The entries below contain a line with "Maak de ideale" and a line with "Tourmaline verte ou". Retype exactly everything from the first down to the second, both included, and nothing else.

[[ GIVEN RECORDS open ]]

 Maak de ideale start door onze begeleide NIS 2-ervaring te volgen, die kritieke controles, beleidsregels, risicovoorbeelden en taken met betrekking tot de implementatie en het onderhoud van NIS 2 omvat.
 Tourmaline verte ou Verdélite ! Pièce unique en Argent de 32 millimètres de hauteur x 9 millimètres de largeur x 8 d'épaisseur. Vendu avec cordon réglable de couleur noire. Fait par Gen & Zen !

[[ GIVEN RECORDS closed ]]
[[ GIVEN RECORDS open ]]

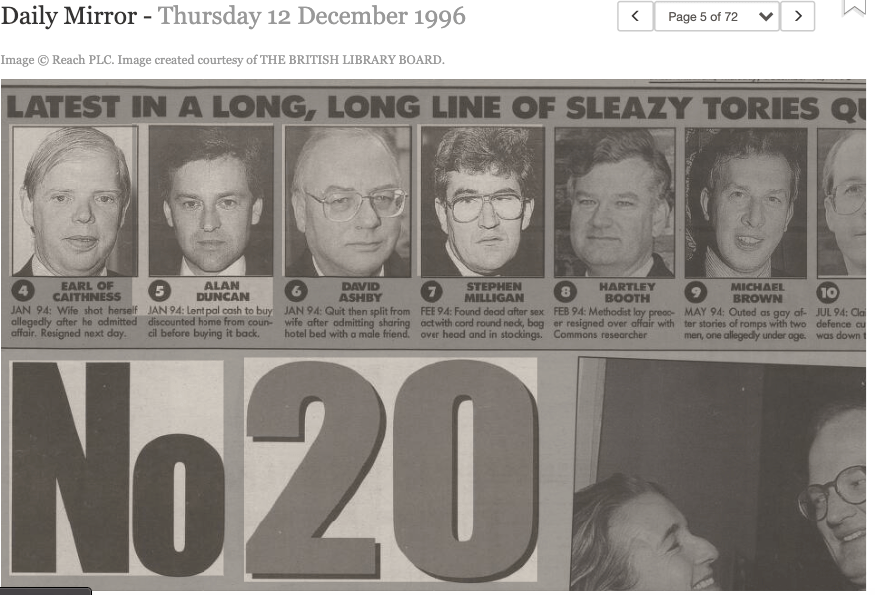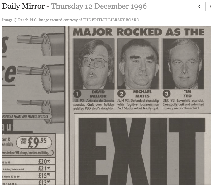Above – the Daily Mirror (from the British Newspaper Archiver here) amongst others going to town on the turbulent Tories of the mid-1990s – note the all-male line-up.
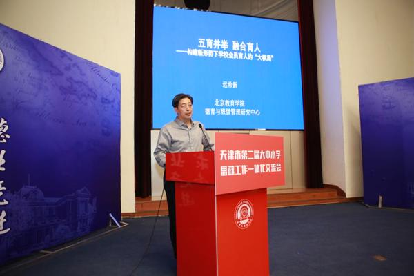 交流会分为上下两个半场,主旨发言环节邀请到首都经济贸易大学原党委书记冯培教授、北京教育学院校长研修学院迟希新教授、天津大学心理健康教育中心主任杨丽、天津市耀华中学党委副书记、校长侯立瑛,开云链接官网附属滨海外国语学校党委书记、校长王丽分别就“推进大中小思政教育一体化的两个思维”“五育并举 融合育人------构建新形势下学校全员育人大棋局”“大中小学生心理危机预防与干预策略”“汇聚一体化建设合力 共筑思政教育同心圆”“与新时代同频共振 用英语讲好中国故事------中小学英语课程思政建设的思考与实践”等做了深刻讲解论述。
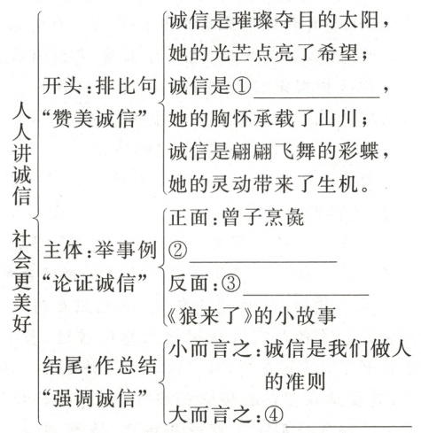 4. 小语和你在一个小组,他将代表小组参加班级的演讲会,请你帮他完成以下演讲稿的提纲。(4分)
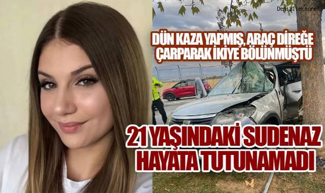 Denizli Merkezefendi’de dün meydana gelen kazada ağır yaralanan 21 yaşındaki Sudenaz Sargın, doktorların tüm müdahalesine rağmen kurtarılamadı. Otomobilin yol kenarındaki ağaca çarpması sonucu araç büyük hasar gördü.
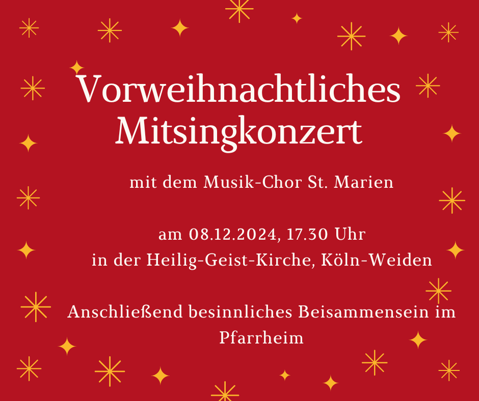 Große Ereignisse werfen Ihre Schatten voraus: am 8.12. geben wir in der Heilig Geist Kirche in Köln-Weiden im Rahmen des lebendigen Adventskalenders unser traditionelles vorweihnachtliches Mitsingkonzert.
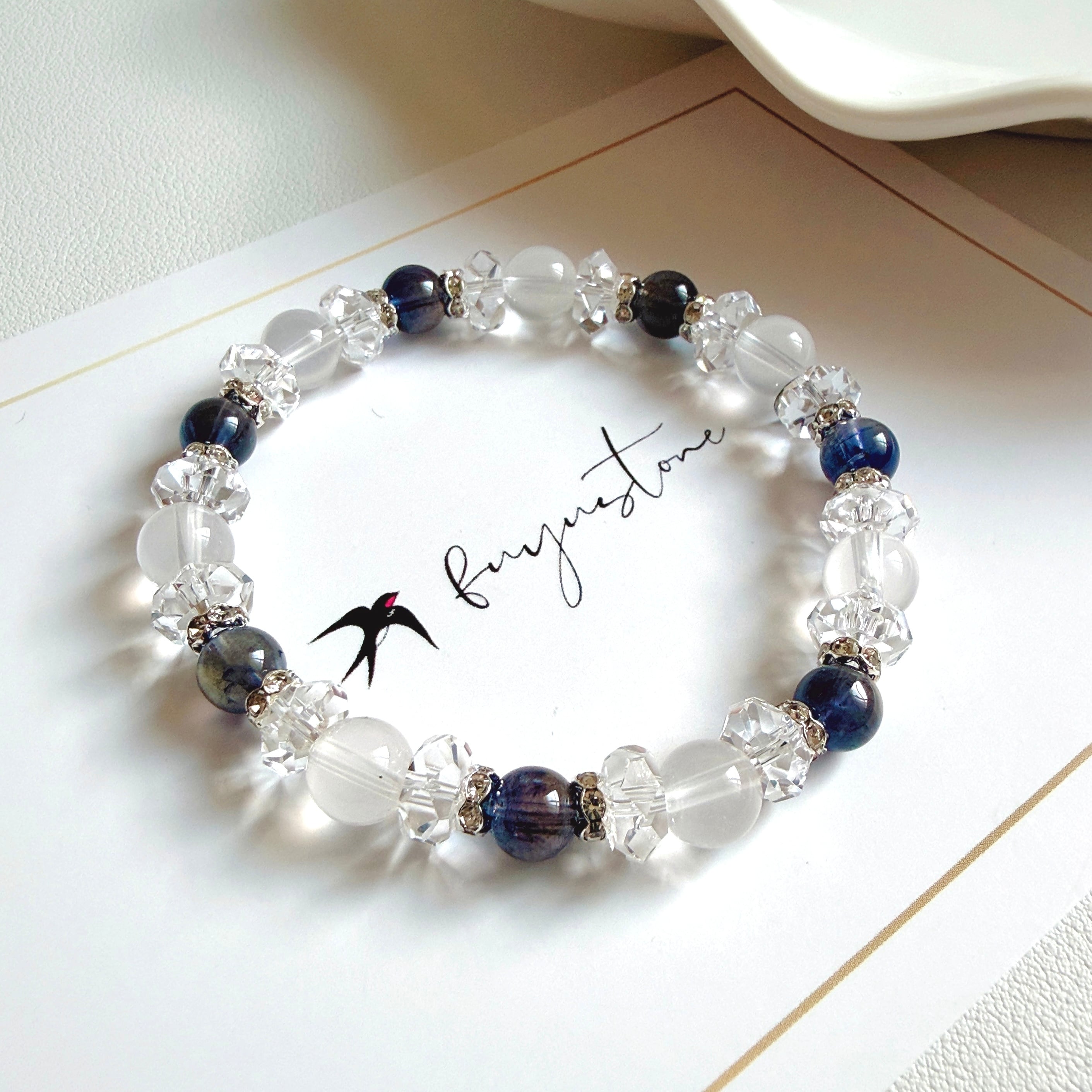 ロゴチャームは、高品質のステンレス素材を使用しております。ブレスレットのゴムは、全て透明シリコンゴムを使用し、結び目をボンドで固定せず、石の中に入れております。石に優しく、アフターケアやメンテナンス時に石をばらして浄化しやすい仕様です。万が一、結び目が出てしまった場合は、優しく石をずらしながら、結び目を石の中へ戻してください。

[[ GIVEN RECORDS closed ]]
[[ GIVEN RECORDS open ]]

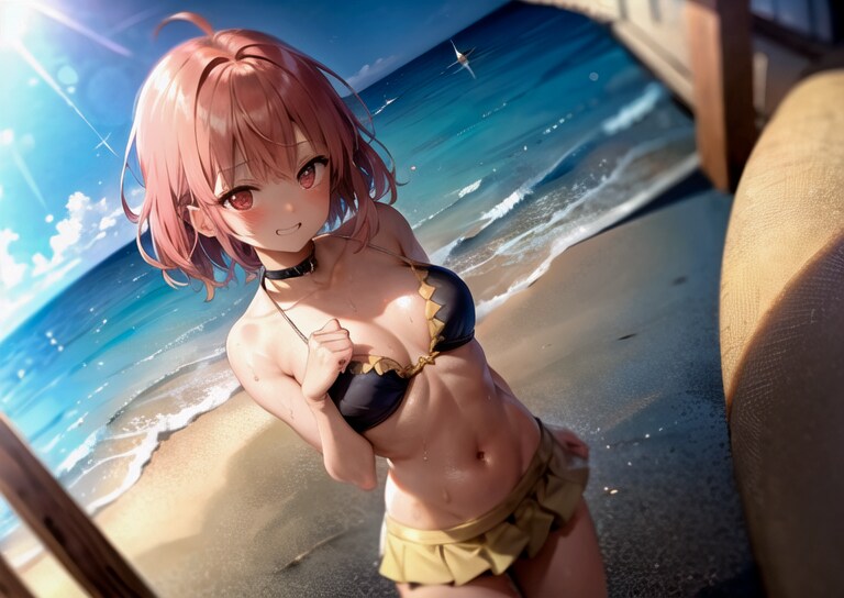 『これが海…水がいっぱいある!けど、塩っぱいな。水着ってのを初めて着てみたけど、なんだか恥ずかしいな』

[[ GIVEN RECORDS closed ]]

:: RESULT BELOW ::
 Maak de ideale start door onze begeleide NIS 2-ervaring te volgen, die kritieke controles, beleidsregels, risicovoorbeelden en taken met betrekking tot de implementatie en het onderhoud van NIS 2 omvat.
 Tourmaline verte ou Verdélite ! Pièce unique en Argent de 32 millimètres de hauteur x 9 millimètres de largeur x 8 d'épaisseur. Vendu avec cordon réglable de couleur noire. Fait par Gen & Zen !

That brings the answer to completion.